I bet on Duffee just because the odds are so good. Anything can happen in MMA.


----------



## Rusty (Apr 13, 2010)

All in on Duffee. This is gonna be hilarious:thumb02:


----------



## Rauno (Nov 20, 2009)

Overeem via destruction, all in the 1st round.


----------



## Danm2501 (Jun 22, 2009)

Overeem's going to destroy Duffee, but the odds are good so I've stuck a couple of thousand on him.


----------



## Budhisten (Apr 11, 2010)

Well those odds ain't worth it :S especially with Duffee having Visa-issues...

Overeem via 1st round ragdoll though


----------



## oldfan (Mar 14, 2010)

40k on Duffee.

Hope I didn't jinx him. Broken clocks do much better than me.


----------



## Indestructibl3 (Apr 2, 2009)

oldfan said:


> 40k on Duffee.
> 
> Hope I didn't jinx him. Broken clocks do much better than me.

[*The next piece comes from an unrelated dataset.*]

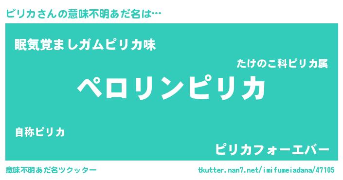| ヒーロー風カッコイイあだ名 | 『スーパーピリカ』『友情の使者ピリカ』 |

Jinx or no jinx, both you and Duffee are gonna need a miracle :laugh:


----------



## dudeabides (Sep 30, 2008)

I'm going to need a miracle to stay up late enough to see this fight but I don't see how Overeem can lose it if he's the same Overeem from a few weeks ago.


----------



## HexRei (Apr 27, 2007)

10k on duffman just cause of the odds


----------



## dudeabides (Sep 30, 2008)

Yeah, guess Duffee knows how the other guy feels with Overeem's quick ko:



> Overeem nearly breaks a sweat; Nagashima, Mousasi win in special rules fights
> 
> UFC veteran Todd Duffee took his DREAM interim heavyweight championship fight with Alistair Overeem on short-notice, but he was sent home with even less warning.
> 
> ...


Link


----------



## vilify (Mar 23, 2010)

RustyRenegade said:


> *All in on Duffee. This is gonna be hilarious*:thumb02:


This made me laugh :laugh:


----------